Problem to work on: Drop every picture and copy exactly the lines from the one with "鱼跃家用制氧机 7F-3CW带雾化吸氧机3升级版氧气机" through the last line of the listing below.

Entries provided:
· · ·

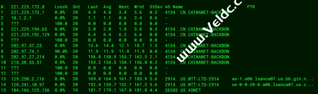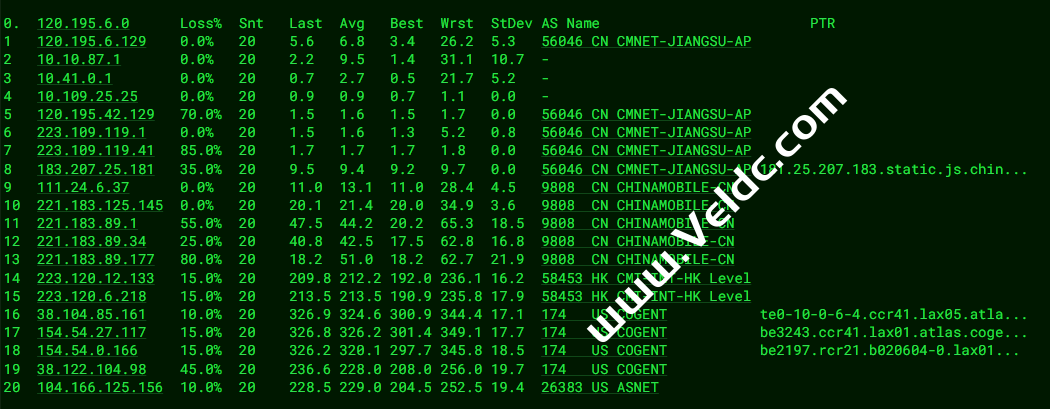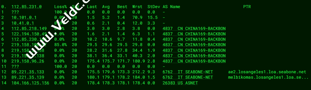 [Info] 测试路由 到 上海电信(天翼云) 中 ... traceroute to 101.227.255.45 (101.227.255.45), 30 hops max, 32 byte packets 1 95.174.71.81 0.27 ms AS8849 United States, California, Los Angeles, edis.at 2 lag-107.ear2.LosAngeles1.Level3.net (4.59.50.137) 1.13 ms AS3356 United States, California, Los Angeles, level3.com 3 * 4 4.15.125.54 12.90 ms AS3356 United States, California, San Jose, level3.com 5 * 6 202.97.12.189 171.65 ms AS4134 China, Shanghai, ChinaTelecom 7 * 8 61.152.24.125 189.86 ms AS4812 China, Shanghai, ChinaTelecom 9 * 10 * 11 * 12 * 13 * 14 * 15 * 16 * 17 * 18 * 19 * 20 * 21 * 22 * 23 * 24 * 25 * 26 * 27 * 28 * 29 * 30 * [Info] 测试路由 到 上海电信(天翼云) 完成 ! [Info] 测试路由 到 厦门电信CN2 中 ... traceroute to 117.28.254.129 (117.28.254.129), 30 hops max, 32 byte packets 1 95.174.71.81 0.39 ms AS8849 United States, California, Los Angeles, edis.at 2 telstra.as4637.any2ix.coresite.com (206.72.210.65) 0.92 ms AS3491,AS9009,AS17639 United States, California, Los Angeles, coresite.com 3 i-93.1wlt-core02.telstraglobal.net (202.84.253.85) 2.52 ms AS4637 United States, California, Los Angeles, telstra.com 4 i-93.1wlt-core02.telstraglobal.net (202.84.253.85) 193.44 ms AS4637 United States, California, Los Angeles, telstra.com 5 * 6 i-93.istt04.telstraglobal.net (202.84.224.190) 176.69 ms AS4637 Singapore, telstra.com 7 unknown.telstraglobal.net (210.57.38.58) 198.44 ms AS4637 Singapore, telstra.com 8 59.43.184.121 197.67 ms * China, Guangdong, Guangzhou, ChinaTelecom 9 * 10 59.43.16.181 200.22 ms * China, Guangdong, Guangzhou, ChinaTelecom 11 59.43.46.214 214.18 ms * China, Fujian, ChinaTelecom 12 * 13 27.159.81.214 212.17 ms AS133775 China, Fujian, Xiamen, ChinaTelecom 14 * 15 * 16 117.28.254.129 215.31 ms AS4809 China, Fujian, Xiamen, ChinaTelecom [Info] 测试路由 到 厦门电信CN2 完成 ! [Info] 测试路由 到 浙江杭州联通 中 ... traceroute to 101.71.241.238 (101.71.241.238), 30 hops max, 32 byte packets 1 95.174.71.81 0.31 ms AS8849 United States, California, Los Angeles, edis.at 2 76.74.24.93 0.35 ms AS3257 United States, California, Los Angeles, gtt.net 3 ae28.cr2-sjc1.ip4.gtt.net (89.149.136.149) 7.72 ms AS3257 United States, California, San Jose, gtt.net 4 as4837.sjc10.ip4.gtt.net (173.205.56.142) 153.78 ms AS3257 United States, California, San Jose, gtt.net 5 219.158.98.173 182.50 ms AS4837 China, Shanghai, ChinaUnicom 6 219.158.113.138 183.22 ms AS4837 China, Shanghai, ChinaUnicom 7 219.158.113.101 181.14 ms AS4837 China, Shanghai, ChinaUnicom 8 219.158.15.206 187.99 ms AS4837 China, Zhejiang, Hangzhou, ChinaUnicom 9 * 10 * 11 * 12 * 13 * 14 * 15 * 16 * 17 * 18 * 19 * 20 * 21 * 22 * 23 * 24 * 25 * 26 * 27 * 28 * 29 * 30 * [Info] 测试路由 到 浙江杭州联通 完成 ! [Info] 测试路由 到 浙江杭州移动 中 ... traceroute to 112.17.0.106 (112.17.0.106), 30 hops max, 32 byte packets 1 95.174.71.81 2.40 ms AS8849 United States, California, Los Angeles, edis.at 2 lag-107.ear2.LosAngeles1.Level3.net (4.59.50.137) 0.57 ms AS3356 United States, California, Los Angeles, level3.com 3 4.69.219.206 24.67 ms AS3356 United States, Washington, Seattle, level3.com 4 ChinaMobile-level3-Seattle1.Level3.net (4.68.39.222) 28.46 ms AS3356 United States, Washington, Seattle, level3.com 5 223.120.6.53 28.52 ms AS58453 United States, Washington, Seattle, ChinaMobile 6 223.120.7.70 31.07 ms AS58453 United States, ChinaMobile 7 223.120.12.170 188.55 ms AS58453 China, Shanghai, ChinaMobile 8 221.183.89.182 190.72 ms AS9808 China, Shanghai, ChinaMobile 9 221.183.89.69 190.40 ms AS9808 China, Shanghai, ChinaMobile 10 221.183.89.50 198.75 ms AS9808 China, Shanghai, ChinaMobile 11 221.183.40.150 201.15 ms AS9808 China, Zhejiang, Hangzhou, ChinaMobile 12 * 13 * 14 * 15 * 16 * 17 * 18 * 19 * 20 * 21 * 22 * 23 * 24 * 25 * 26 * 27 * 28 * 29 * 30 * [Info] 测试路由 到 浙江杭州移动 完成 ! [Info] 测试路由 到 北京教育网 中 ... traceroute to 202.205.6.30 (202.205.6.30), 30 hops max, 32 byte packets 1 95.174.71.81 1.72 ms AS8849 United States, California, Los Angeles, edis.at 2 207.45.216.18 0.85 ms AS6453 United States, California, Los Angeles, tatacommunications.com 3 if-ae-23-2.tcore1.lvw-losangeles.as6453.net (64.86.197.240) 0.46 ms AS6453 United States, California, Los Angeles, tatacommunications.com 4 66.110.59.182 175.65 ms AS6453 United States, California, Los Angeles, tatacommunications.com 5 101.4.117.213 202.50 ms AS4538 China, Beijing, CHINAEDU 6 * 7 101.4.118.213 169.09 ms AS4538 China, Beijing, CHINAEDU 8 * 9 219.224.102.230 180.43 ms AS4538 China, Beijing, CHINAEDU 10 * 11 * 12 101.4.130.54 187.44 ms AS4538 China, Beijing, CHINAEDU 13 * 14 * 15 * 16 * 17 * 18 * 19 * 20 * 21 * 22 * 23 * 24 * 25 * 26 101.4.130.54 169.60 ms AS4538 China, Beijing, CHINAEDU 27 * 28 * 29 * 30 * [Info] 测试路由 到 北京教育网 完成 ! [Info] 四网路由快速测试 已完成 !
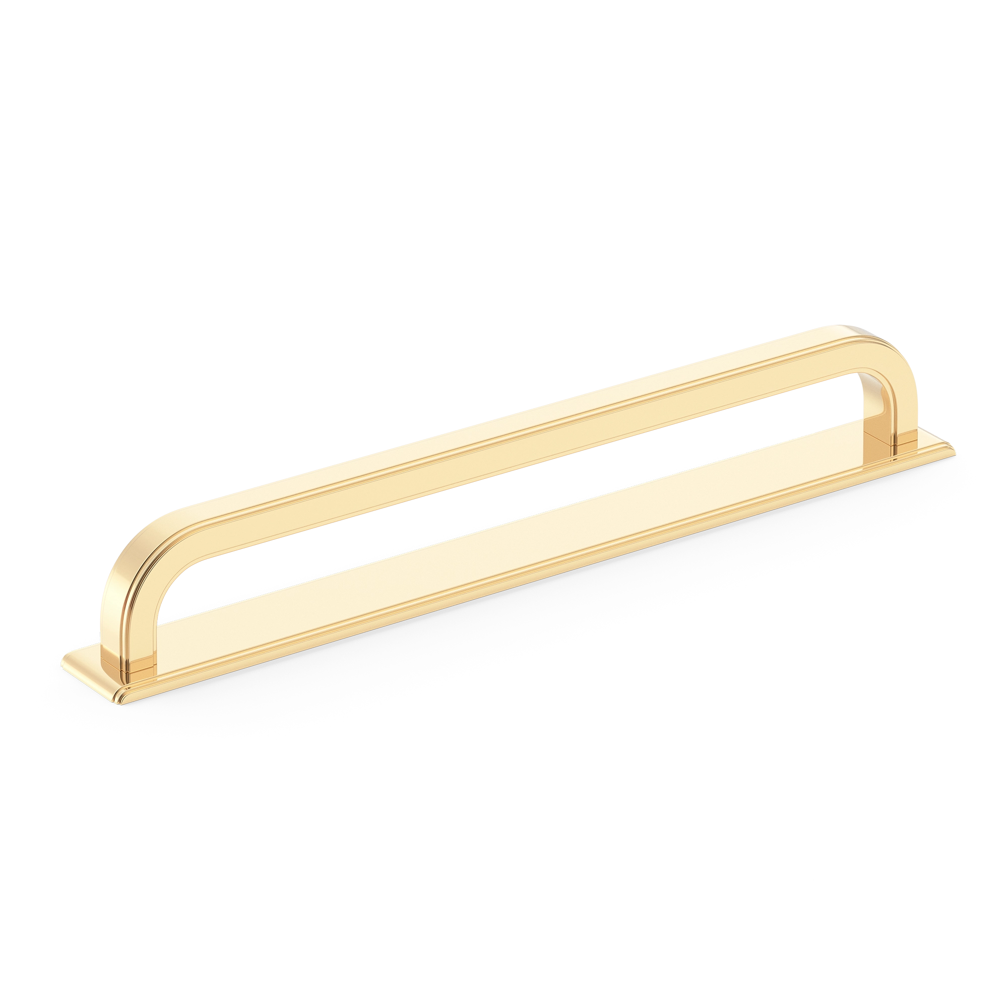 This cabinet/drawer pull is a stylish and practical hardware piece. It has an elongated, curved design with mounting tabs, making it suitable for use on drawers, cabinets, or doors. The pull comes in a polished gold – toned finish, adding a touch of elegance to furniture.
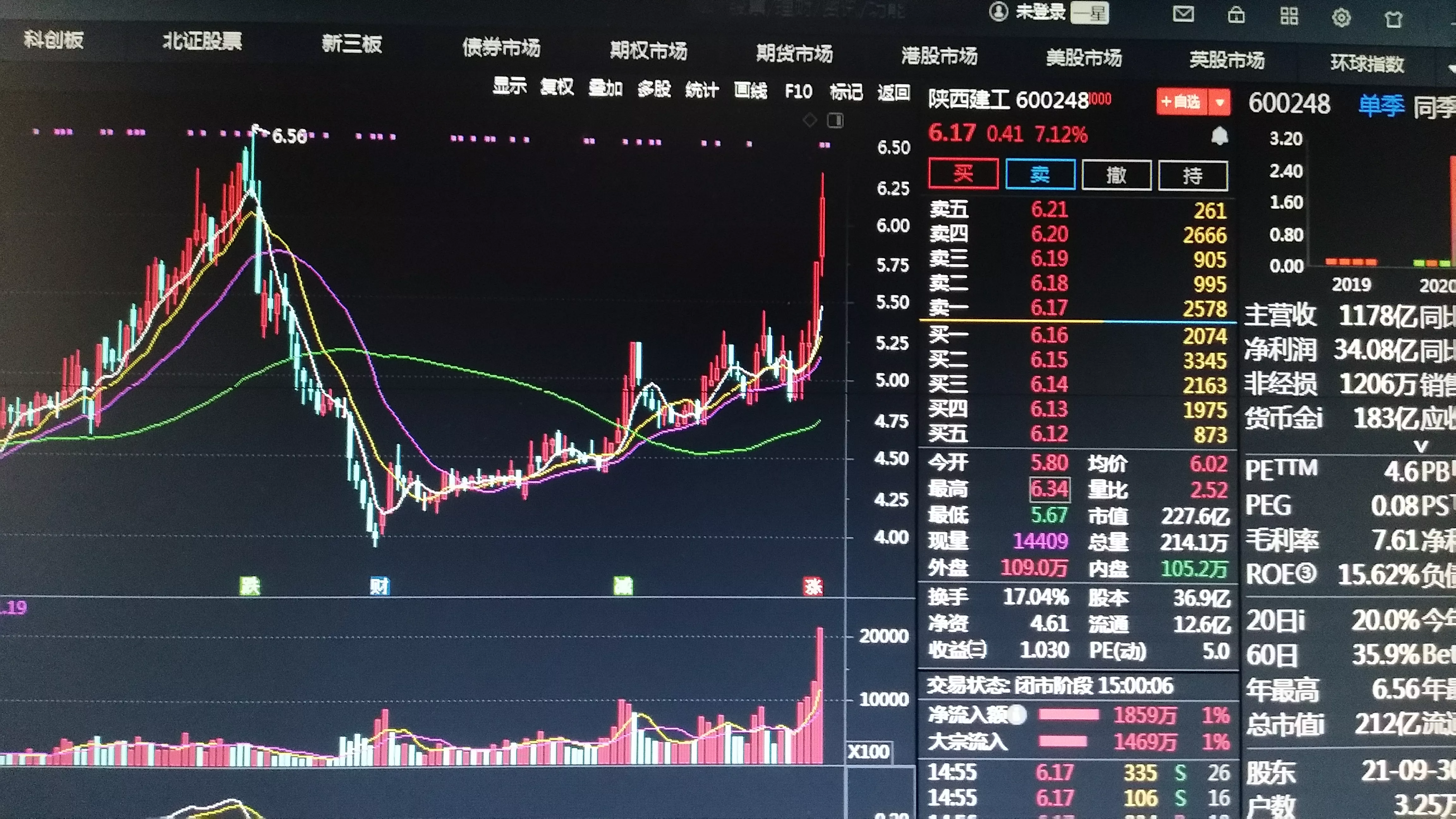 陕西建工今天的涨幅是7.12%,股票价格是6.17元,它是在前一个交易日涨停的基础上,今天持续性的高开高走,换手率达到了17.04%,前三季的每股收益达到了1.03元,这个业绩无论是在沪深两市还是在创业板、科创板中间都是一个相对的绩优股的标准,它的流通股本是12.6亿,每股净资产也达到了4.6元。
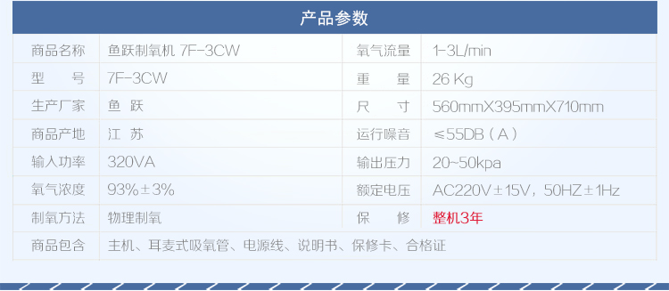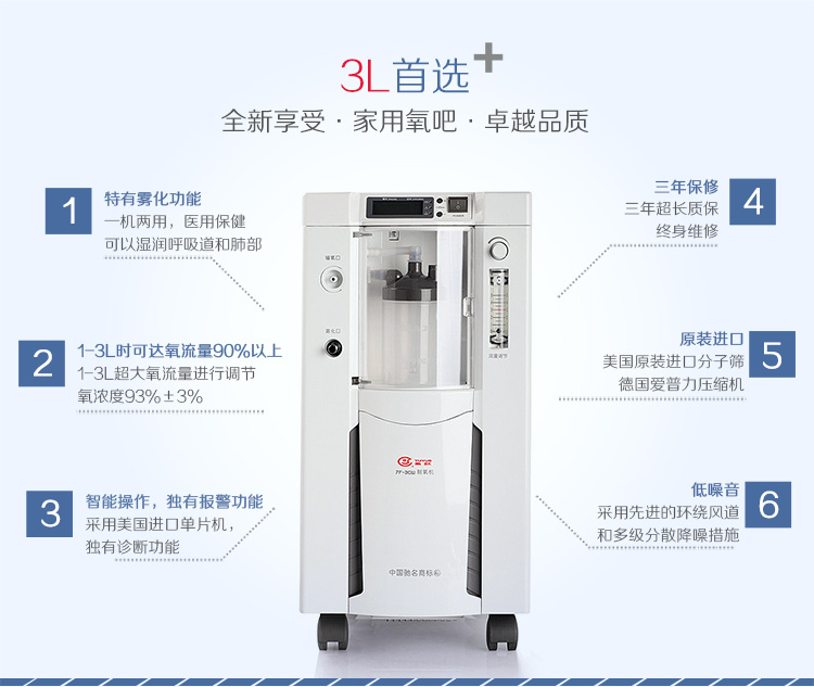 鱼跃家用制氧机 7F-3CW带雾化吸氧机3升级版氧气机
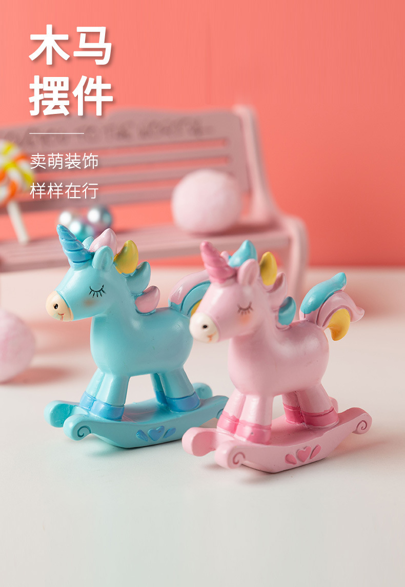 수지 장식품 유니콘 생일 케이크 장식 장식품 무지개 흔들 말 손 파티 수지 창조적 인 장식품스토어 가기
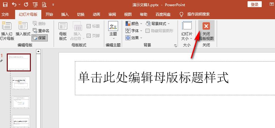 5、设置完成之后,我们点击“关闭母版视图”选项,然后就能看到幻灯片中的字体都变为宋体了
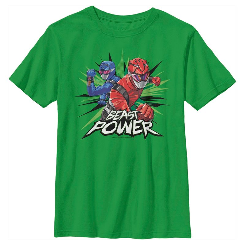 - تباهَ بملابسك الأنيقة مع هذا التيشيرت الجديد للأولاد، مثالي لجميع المناسبات! يتميز بشخصيات بيست مورفر رينجرز الزرقاء والحمراء، المستعدة للانطلاق.
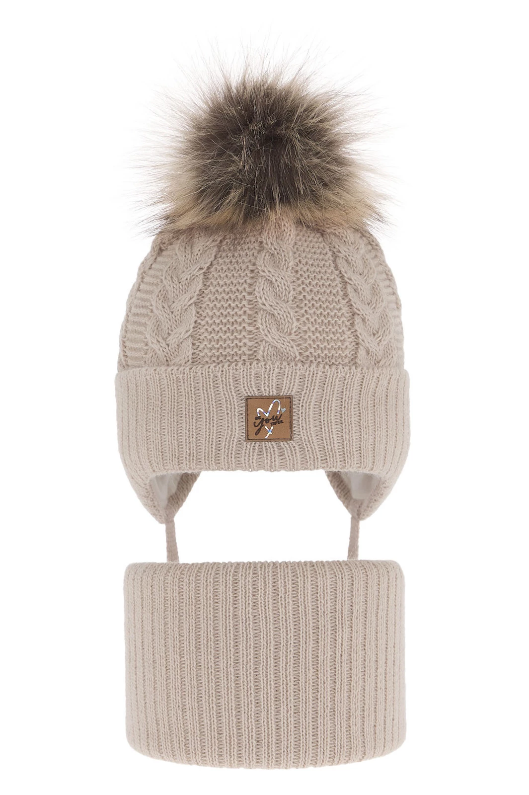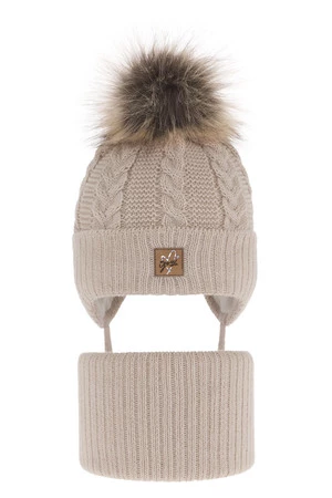 Komplet zimnej dívčej: čiapka a tunel béžový s bambuľou Finess

· · ·

Solution to this exercise:
 鱼跃家用制氧机 7F-3CW带雾化吸氧机3升级版氧气机
 수지 장식품 유니콘 생일 케이크 장식 장식품 무지개 흔들 말 손 파티 수지 창조적 인 장식품스토어 가기
 5、设置完成之后,我们点击“关闭母版视图”选项,然后就能看到幻灯片中的字体都变为宋体了
 - تباهَ بملابسك الأنيقة مع هذا التيشيرت الجديد للأولاد، مثالي لجميع المناسبات! يتميز بشخصيات بيست مورفر رينجرز الزرقاء والحمراء، المستعدة للانطلاق.
 Komplet zimnej dívčej: čiapka a tunel béžový s bambuľou Finess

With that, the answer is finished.